El fútbol como herramienta social, eje de la visita de la Fundación FIFA a Puerto Rico

  • En el marco de su Programa Comunitario, visitó la Fundación Golitos, que ayuda a niños con autismo a través del fútbol

  • También asistió a escuelas que implementan el Programa Football for Schools

  • Puerto Rico fue el primer país donde se lanzó Football for Schools

Omar Álvarez llevaba buena parte de su vida dedicada a enseñar balompié en Puerto Rico cuando sus gemelos, Lorenzo y Darío, fueron diagnosticados con autismo. Ese día, con sus hijos como inspiración, empezó a diseñar una metodología que, a través del fútbol, pudiera ayudarles a lidiar con este trastorno. 

Así nació en 2011 Golitos, una fundación que se propone “patear el autismo” a través de un programa deportivo adaptado, que apunta a desarrollar las destrezas físicas, emocionales y sociales de niños, niñas y adolescentes con autismo, usando el fútbol como herramienta principal.

La Fundación FIFA, que apoya a Golitos financieramente a través de su Programa Comunitario, participó el pasado sábado 7 de mayo en una de las sesiones llevadas a cabo por la organización, que utiliza el poder del fútbol para neutralizar la alteración en sus habilidades de socialización, minimizar los comportamientos restrictivos y repetitivos, los retrasos cognitivos, las deficiencias motoras, las dificultades sociales y de comunicación. 

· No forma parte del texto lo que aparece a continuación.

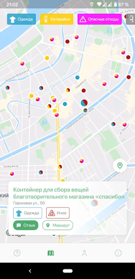 You can build a route from home to work or school, and we will show the container closest to your route with separate collection.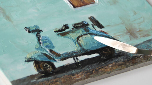Как нарисовать старый скутер. Картина маслом. Пейзаж. Мастихин

Al mismo tiempo, busca maximizar las habilidades y destrezas de cada participante, entendiendo la complejidad del diagnóstico y la variabilidad en las características, trabajando con la certeza de la existencia del potencial individual y con el objetivo que las sesiones les proporcionen un sentimiento de pertenencia. También ayuda a los padres y familiares a manejar distintas situaciones cotidianas derivadas del autismo. 

Golitos, que tiene un convenio con la Federación Puertorriqueña de Fútbol, es una organización pionera en el país, y cuenta con profesionales especializados que son profesores de Educación Especial con Certificación en Autismo. Ellos trabajan con entrenadores de fútbol, ​​que los instruyen en habilidades básicas del juego como el regate, el control del balón, el remate y el juego en equipo.

Vale agregar que tanto los profesores como los entrenadores de Golitos han participado en el curso de capacitación del Programa Football for Schools, ya que, los primeros, casi no tenían nociones previas de fútbol. Esto sigue la línea de uno de los elementos principales del Football for Schools, que apunta al desarrollo de un fútbol inclusivo.

El fútbol en las escuelas puertorriqueñas

Football For Schools se lanzó como un programa piloto justamente en Puerto Rico, a mediados de 2019. Desde entonces, ha impactado en más de 250 maestros y escuelas. Aquellos profesores que participaron en los primeros cursos de capacitación, han organizado y llevado a cabo sus propias jornadas tomando como referencia la app del Programa. 

En este marco, la Fundación FIFA visitó dos escuelas el lunes 9 de mayo. La primera fue la Escuela de Talentos José Ramón Rodríguez en el municipio de Coamo, donde casi no se juega al fútbol. Sus maestros se especializan en béisbol o básquetbol, algunos de los deportes más populares, pero gracias a Football for Schools, han descubierto el mundo del balompié, y hoy pueden enseñarles a los alumnos sus nociones básicas.

La sesión se llamó 'Todos podemos jugar', y además de practicar ciertas técnicas del juego, dio lugar a discusiones sobre la igualdad de género, tanto dentro como fuera de la cancha.

Posteriormente, la comitiva se trasladó hasta la Escuela Primaria Asunción Lugo, ubicada en el municipio de Yabucoa. Si bien es una de las áreas donde el fútbol es popular, también es una de las más carenciadas de Puerto Rico, y no todos los niños tienen acceso a su práctica.

Los profesores que llevaron a cabo la sesión son entrenadores con certificación de Football for Schools y han adaptado sus conocimientos y experiencia a la metodología del programa. Bajo el nombre de 'Asumir responsabilidades', contó con una parte práctica y una de debate, durante la cual los niños hablaron sobre qué responsabilidades tienen en sus casas, en la escuela o a la ahora de jugar al fútbol en equipo. 

Esos mismos profesores, a modo de actividad extracurricular, imparten de fútbol a niños y niñas que no pueden afrontar el costo que implica formar parte de una academia.